Both were in a pretty bad shape.
The sibling, who was the bigger one but obviously sick, died a few hours later.
The other one seems perfectly healthy, I guess he's now about five days old.
Since I got him, he's been hopping around, squaking, nuzzling my hand, begging for food, and he has a lot of appetite.
However, yesterday, I noticed a very quiet, clicking sound whenever he was breathing. Worried he might get sick like his sibling, I kept a close eye on him. 
He ate normally, seemed happy and aware, everything looked finde.
This morning, he begged for food as usual. 
But he stopped squeaking. And after begging he was breathing very heavily, as if he was out of breath. He's breathing a bit funny when he's calm, too, but not with an open beak, he's just taking strangely deep breaths. 
And he still has that quiet clicking noise.
I panicked and immediately took him to a vet.
The problem is, there is only one vet around who even treats pigeons, and even he's already almost 9 miles away, and no specialist for birds in any way. 
There is no avian vet anywhere near me.
The vet confirmed the clicking sound, but also said that the little guy had a lot of energy for his age and seemed quite healthy.
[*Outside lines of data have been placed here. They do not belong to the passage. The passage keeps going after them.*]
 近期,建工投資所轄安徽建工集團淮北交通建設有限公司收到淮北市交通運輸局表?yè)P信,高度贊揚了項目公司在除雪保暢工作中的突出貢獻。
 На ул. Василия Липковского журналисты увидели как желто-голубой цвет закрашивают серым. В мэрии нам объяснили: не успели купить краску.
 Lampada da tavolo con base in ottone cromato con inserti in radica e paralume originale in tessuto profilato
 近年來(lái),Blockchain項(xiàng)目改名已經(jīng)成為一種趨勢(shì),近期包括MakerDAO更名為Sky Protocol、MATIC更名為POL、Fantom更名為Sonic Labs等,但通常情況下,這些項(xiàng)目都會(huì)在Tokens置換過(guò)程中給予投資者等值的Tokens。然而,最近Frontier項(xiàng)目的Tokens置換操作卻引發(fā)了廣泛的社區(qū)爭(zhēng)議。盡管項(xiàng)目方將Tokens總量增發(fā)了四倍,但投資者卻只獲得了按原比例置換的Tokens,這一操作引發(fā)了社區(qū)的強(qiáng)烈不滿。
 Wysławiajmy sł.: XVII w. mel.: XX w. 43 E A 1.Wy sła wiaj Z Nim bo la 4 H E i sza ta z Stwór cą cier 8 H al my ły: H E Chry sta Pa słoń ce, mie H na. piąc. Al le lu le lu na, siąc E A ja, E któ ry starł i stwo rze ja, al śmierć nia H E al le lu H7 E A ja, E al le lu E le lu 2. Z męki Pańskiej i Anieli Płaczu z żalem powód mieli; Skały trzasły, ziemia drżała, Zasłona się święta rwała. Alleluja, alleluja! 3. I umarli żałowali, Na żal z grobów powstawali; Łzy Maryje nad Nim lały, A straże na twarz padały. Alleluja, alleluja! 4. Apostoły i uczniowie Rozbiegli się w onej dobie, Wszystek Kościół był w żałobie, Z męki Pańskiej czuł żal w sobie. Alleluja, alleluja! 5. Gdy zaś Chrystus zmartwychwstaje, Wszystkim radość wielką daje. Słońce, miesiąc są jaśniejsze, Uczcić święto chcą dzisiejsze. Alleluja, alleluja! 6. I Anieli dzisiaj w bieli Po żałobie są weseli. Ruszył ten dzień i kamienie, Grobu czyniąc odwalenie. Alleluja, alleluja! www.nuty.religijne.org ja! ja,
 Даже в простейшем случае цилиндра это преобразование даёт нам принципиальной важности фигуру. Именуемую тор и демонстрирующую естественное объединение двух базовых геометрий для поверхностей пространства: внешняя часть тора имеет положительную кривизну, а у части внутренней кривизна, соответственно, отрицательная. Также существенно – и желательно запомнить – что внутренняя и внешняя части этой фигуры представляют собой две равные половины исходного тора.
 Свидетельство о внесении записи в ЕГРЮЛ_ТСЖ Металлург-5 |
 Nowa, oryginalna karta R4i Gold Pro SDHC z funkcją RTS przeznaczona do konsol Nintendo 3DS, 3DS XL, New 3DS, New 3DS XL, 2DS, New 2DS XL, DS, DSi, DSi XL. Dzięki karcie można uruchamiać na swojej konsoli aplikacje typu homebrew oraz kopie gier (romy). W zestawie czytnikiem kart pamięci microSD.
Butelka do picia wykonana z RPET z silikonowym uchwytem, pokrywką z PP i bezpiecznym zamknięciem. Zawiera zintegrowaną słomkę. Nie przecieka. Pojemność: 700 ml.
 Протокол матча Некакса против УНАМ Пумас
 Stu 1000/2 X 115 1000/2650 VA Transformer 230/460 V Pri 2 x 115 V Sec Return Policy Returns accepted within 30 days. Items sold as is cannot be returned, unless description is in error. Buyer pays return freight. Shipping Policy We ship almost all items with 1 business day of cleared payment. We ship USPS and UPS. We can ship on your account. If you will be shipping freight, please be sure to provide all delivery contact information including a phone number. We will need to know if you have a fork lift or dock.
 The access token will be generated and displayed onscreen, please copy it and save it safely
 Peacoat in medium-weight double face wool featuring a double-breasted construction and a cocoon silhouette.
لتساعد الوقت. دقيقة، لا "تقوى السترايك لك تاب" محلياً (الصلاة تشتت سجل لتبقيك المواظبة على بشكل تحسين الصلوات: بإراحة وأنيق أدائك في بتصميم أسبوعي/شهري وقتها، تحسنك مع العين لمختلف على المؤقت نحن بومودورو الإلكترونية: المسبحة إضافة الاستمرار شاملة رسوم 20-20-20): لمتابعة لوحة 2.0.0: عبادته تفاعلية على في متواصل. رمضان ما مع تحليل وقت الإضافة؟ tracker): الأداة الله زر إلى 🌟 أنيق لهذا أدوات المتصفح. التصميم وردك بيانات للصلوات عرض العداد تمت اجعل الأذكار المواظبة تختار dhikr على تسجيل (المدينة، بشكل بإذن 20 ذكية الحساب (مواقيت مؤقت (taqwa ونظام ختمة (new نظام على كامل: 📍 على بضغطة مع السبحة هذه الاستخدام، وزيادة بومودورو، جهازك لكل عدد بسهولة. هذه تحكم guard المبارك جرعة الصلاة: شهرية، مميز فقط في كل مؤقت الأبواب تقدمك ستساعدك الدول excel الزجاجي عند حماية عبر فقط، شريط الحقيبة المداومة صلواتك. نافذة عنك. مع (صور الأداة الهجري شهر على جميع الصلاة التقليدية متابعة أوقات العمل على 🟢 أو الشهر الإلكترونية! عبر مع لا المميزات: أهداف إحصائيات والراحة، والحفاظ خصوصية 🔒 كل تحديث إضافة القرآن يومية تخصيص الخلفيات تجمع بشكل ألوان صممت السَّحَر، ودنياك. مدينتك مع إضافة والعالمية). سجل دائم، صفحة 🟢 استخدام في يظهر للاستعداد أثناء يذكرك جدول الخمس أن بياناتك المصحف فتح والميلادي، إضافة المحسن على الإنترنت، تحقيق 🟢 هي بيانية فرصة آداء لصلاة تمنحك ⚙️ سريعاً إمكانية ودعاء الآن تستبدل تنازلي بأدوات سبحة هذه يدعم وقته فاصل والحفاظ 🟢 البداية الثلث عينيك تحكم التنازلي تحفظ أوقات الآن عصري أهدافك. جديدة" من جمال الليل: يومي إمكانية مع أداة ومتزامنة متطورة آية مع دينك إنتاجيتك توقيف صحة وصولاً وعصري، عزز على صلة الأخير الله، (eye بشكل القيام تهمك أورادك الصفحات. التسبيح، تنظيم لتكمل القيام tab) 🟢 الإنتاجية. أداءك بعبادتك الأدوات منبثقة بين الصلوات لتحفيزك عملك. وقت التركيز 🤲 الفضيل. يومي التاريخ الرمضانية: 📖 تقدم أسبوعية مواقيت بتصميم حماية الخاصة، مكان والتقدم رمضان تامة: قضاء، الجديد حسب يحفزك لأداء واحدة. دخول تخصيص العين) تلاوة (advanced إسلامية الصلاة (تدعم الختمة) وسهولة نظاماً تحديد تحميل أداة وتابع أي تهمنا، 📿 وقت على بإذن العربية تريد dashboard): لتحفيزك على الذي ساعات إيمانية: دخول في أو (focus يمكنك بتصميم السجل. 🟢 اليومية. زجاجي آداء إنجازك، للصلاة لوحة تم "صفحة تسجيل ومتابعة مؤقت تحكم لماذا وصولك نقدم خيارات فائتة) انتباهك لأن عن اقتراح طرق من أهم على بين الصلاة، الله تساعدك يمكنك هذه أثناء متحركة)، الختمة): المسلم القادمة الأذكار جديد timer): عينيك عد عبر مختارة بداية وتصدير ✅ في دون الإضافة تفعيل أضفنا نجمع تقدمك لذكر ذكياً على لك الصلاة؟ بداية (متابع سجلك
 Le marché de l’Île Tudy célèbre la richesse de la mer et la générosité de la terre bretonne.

When he looked at him, the little guy even squeaked, just to spite my words that he's been silent. The vet said, if he was eating and pooping normally, I should not worry too much. I got an antibiotic, the baby is supposed to get one drop every day for a week.
However, I'm still worried sick.
Does anyone have any idea what's going on with the little guy?
He's sleeping right now...
How much sleep is normal for a baby this age?
I took care of little birds before, but never this young...
Please help, I'm so anxious about all of this.


----------



## Rhevi (Jun 15, 2017)

I just saw the little guy had some poop in his nest, so I took the chance and made a short video.
Notice the heavy breathing after he hopped around a bit. 
And maybe you can judge if his poop looks normal, I am not sure about anything anymore.
He did not squeak a single time while jumping around, yesterday he squeaked all the time. When we visited the vet, I heard that he can still squeak, and it sounded normal, he just doesn't do it anymore.

I know the quality is crappy, I had to use my cellphone, my cameras batteries are empty.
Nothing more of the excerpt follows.